A team of engineering students at St. Louis University this week will be listening for signals from a six-pound, tissue-box-size satellite in outer space.
About 45 undergraduate students have spent nearly three years building the Argus-2 satellite. The International Space Station will deploy it and eight other satellites Wednesday as a part of a NASA science education program.
The satellite will capture images of Earth and demonstrate how well memory storage devices perform in space, said Jeffrey Kelley, a senior majoring in aerospace engineering at SLU.
“It’s been exciting, terrifying and frustrating at the same time,” Kelley said. “I feel like I’m doing engineering now rather than having to wait until I graduate. There’s so many parts of the engineering process that really can’t be taught or captured in a classroom.”
The project is an opportunity for students to learn how to build a device that can withstand the harsh environment of outer space, said Michael Swartout, a SLU aerospace engineering professor who advised the students.

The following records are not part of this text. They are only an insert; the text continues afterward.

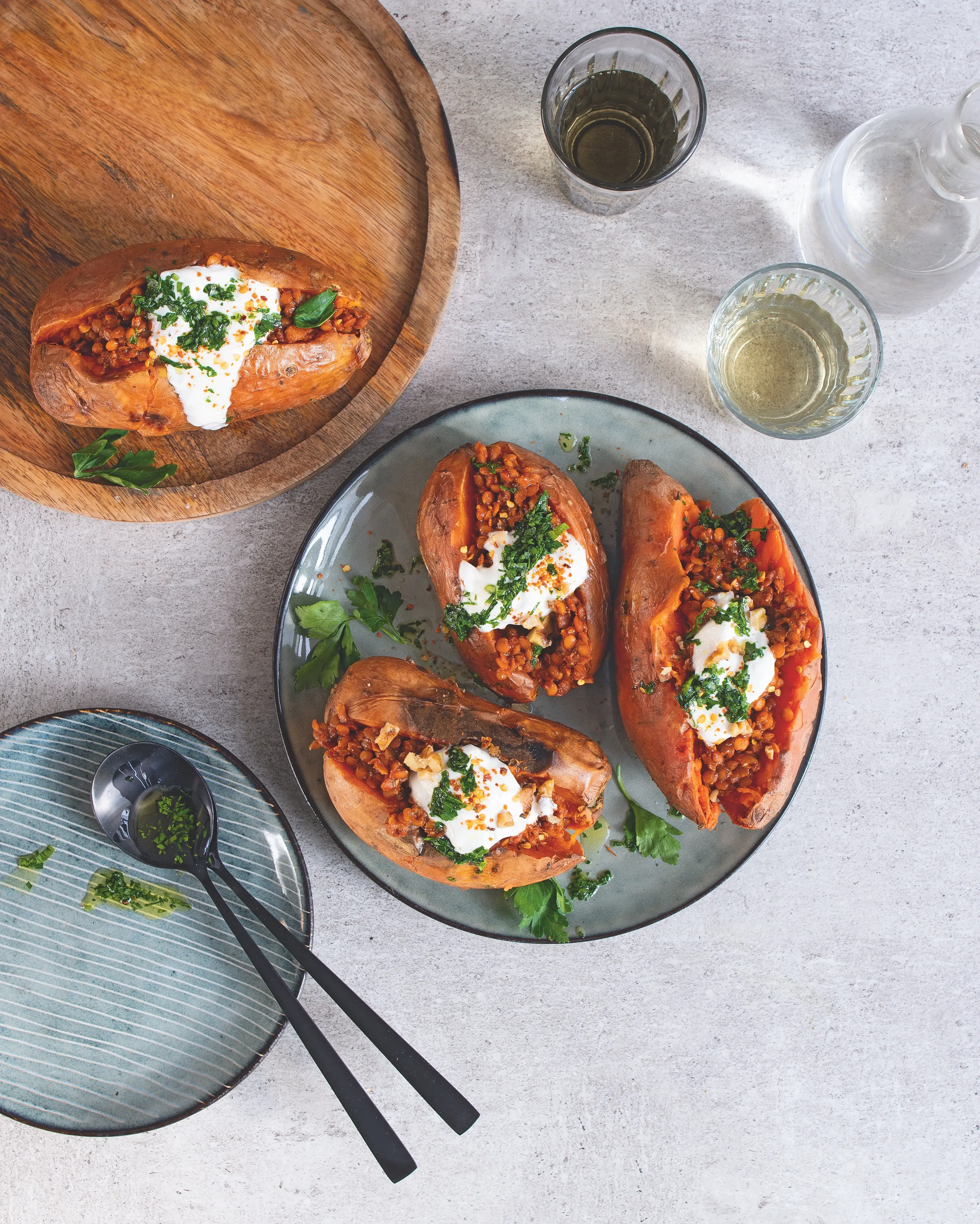 Pečené batáty plněné červenou čočkou jsou dokonalým zimním pokrmem pro celou rodinu. Sladké batáty se snoubí s bohatou, kořeněnou náplní, ve které hraje hlavní roli červená čočka, římský kmín a uzená paprika. Každé sousto zahřeje a dodá tělu dávku rostlinných bílkovin a vlákniny. Kopeček bílého jogurtu na závěr celé jídlo zjemní.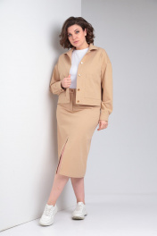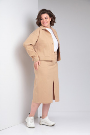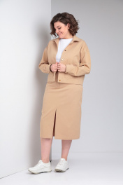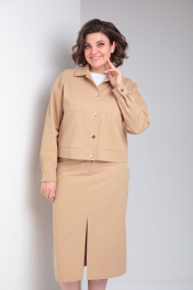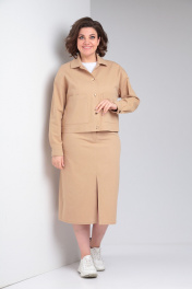 Бежевый джинсовый жакет и юбка с карманами и разрезом Takka Plus 24-218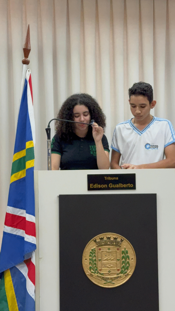 A sessão na Câmara de Valadares foi iniciada pelos estudantes Anderson Lima e Ana Clara Baeta, que destacaram o protagonismo juvenil e a importância do tema.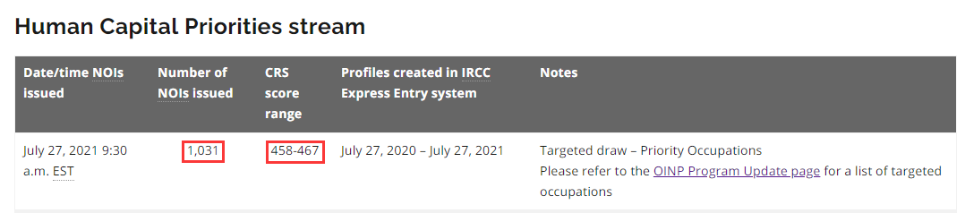 加拿大当地时间2021年7月27日,7安省省政府(OINP)优才计划(Human Capital Priorities stream)向快速通道人才库中符合条件的候选人发放了1031份省提名邀请。
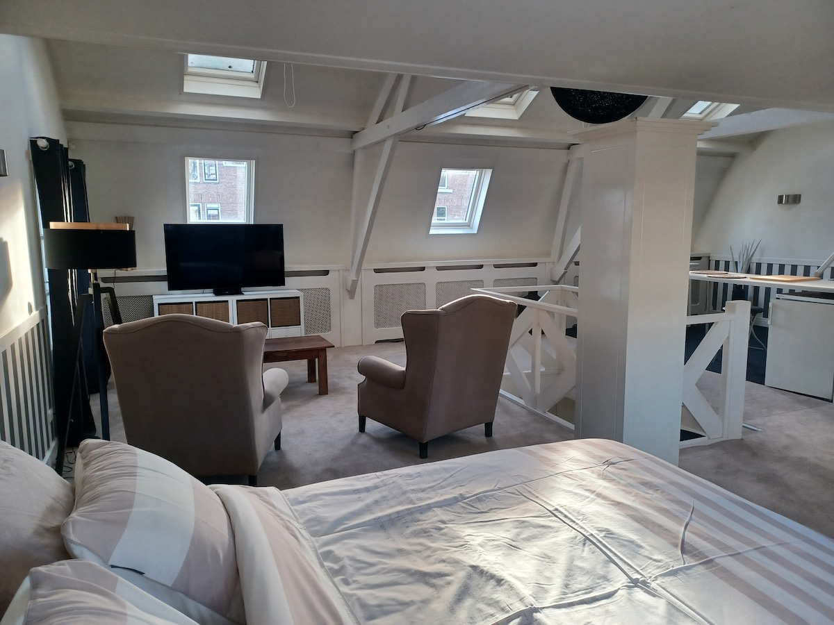 En unik svit med egen ingång, belägen på bottenvåningen i en gammal butiksbyggnad där Joris och hans barn har sitt hem. Med butiksfönster och originalgolv erbjuder detta lilla hus inom ett hus allt för en härlig semester. Vackert renoverad av ägaren själv, loftet är det perfekta gömstället mitt i det gamla centrala distriktet i Tilburg, med många butiker, restauranger och barer. En bekväm vindsvåning fullt inredd för 3 personer, och det på bara 25 m2!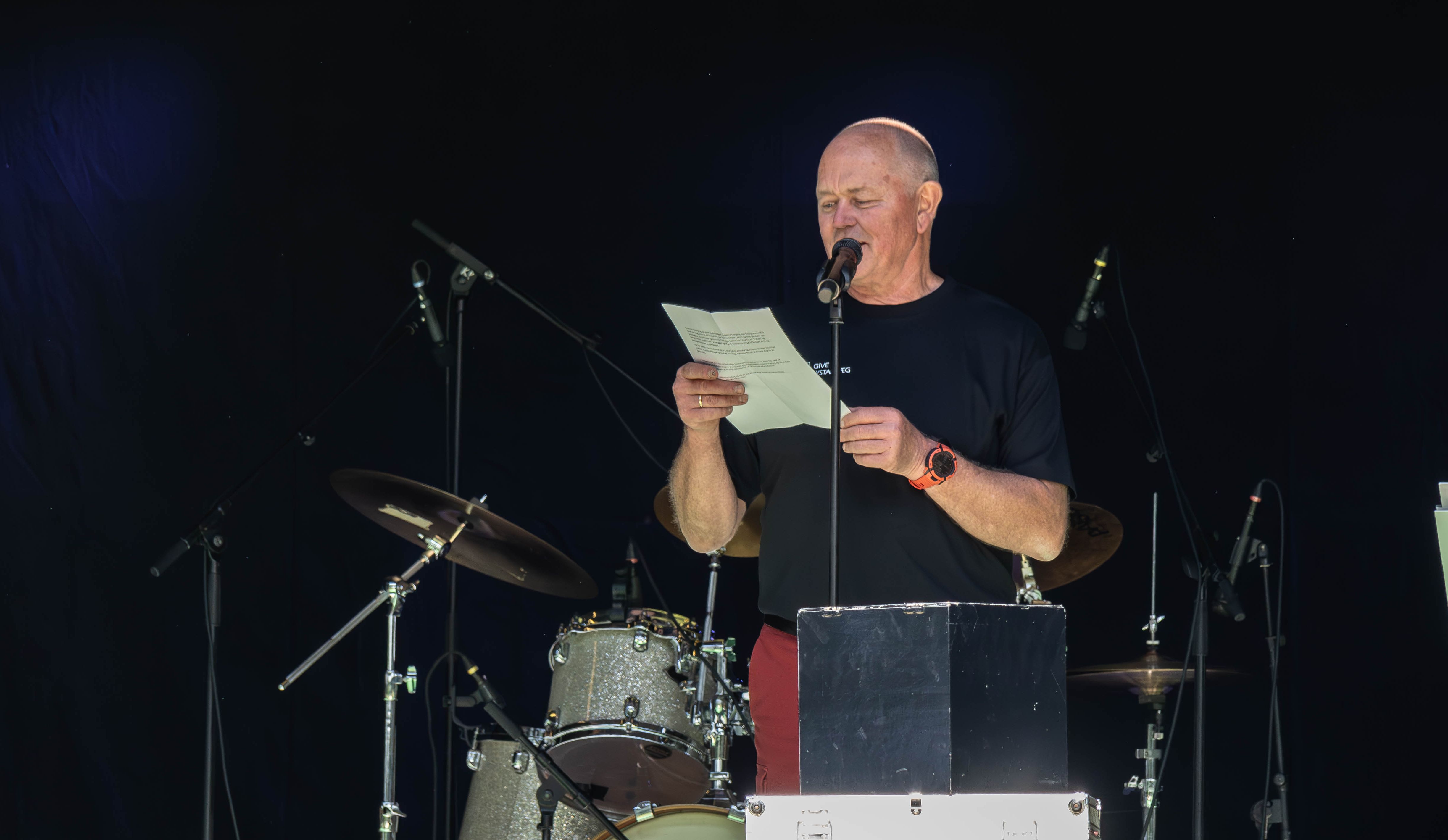 Han overlod herefter mikrofonen til Gerda Jørgensen, der denne dag var på scenen som formand for Give GIF.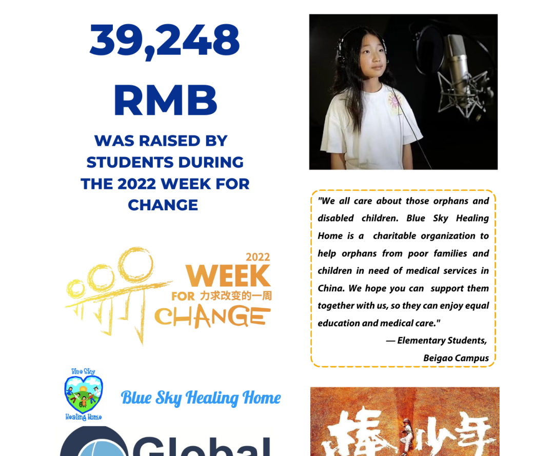 After being postponed for two years due to COVID-19, on May 16, 2022, “Week for Change” returned as an online event for elementary and middle school students at the Daystar Sanlitun and Beigao campuses. During this week, students connected directly with the 3 charity organizations that they supported: Power Baseball Angels, Blue Sky Healing Home, and the Global Environmental Institute (GEI). They learned about their programs and also raised 39,248RMB through various activities. The event culminated in an online celebration: student and teacher representatives shared their feelings and reflections with the Daystar community and called on everyone to maintain this Daystar tradition and make a positive difference in the world around us.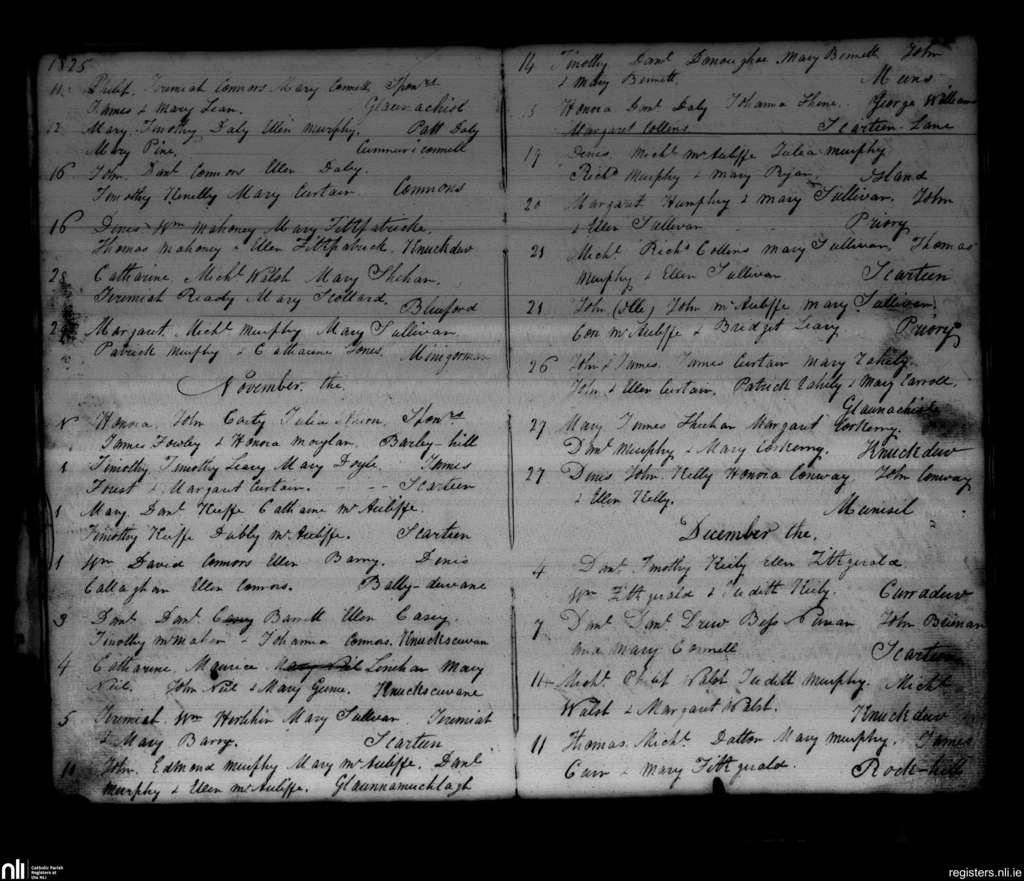 Newmarket; County of Cork; Diocese of Cloyne. Baptisms, Oct. 1825 to Dec. 1825

"Undergraduate students are making the decisions, they’re soldering the boards, they’re putting things together, they’re writing the codes, they’re making it work, and they’re getting up into space and operating it,” Swartout said.
Argus-2 will run an artificial intelligence program with a camera that will snap photos of the Earth. It also contains a SD card that students will check on to find out if space radiation could corrupt files.
“[Radiation effects] could change 'one' from a 'zero,' so you’d get speckles on your photograph, which isn’t so terrible,” Swartwout said. "But if that ‘one’ was related to the operating of your spacecraft, that number changing may have more important consequences.”
Swartout’s research focuses on errors that can occur with space missions, particularly more recent missions. He also oversaw the development of Argus-1, which fell into the Pacific Ocean in 2014 due to a rocket failure.
“I’m excited, but really at the moment I’m terrified because until the moment we get that first contact, I’ll be worried that something has gone wrong,” he said. “If your car or phone is not working, you open it out, you make those changes, you close it up, test it out and hopefully it works. With a spacecraft, once it’s gone, there’s no tweaking.”
The satellite has been turned off since August, when the SLU team brought the spacecraft to space company NanoRacks in Houston. NanoRacks took Argus-2 to NASA’s Wallops Flight Facility in Virginia, where it was launched into space in November.
It could take seven to 15 hours for the satellite to recharge, turn on and signal to an antenna at SLU that it’s working.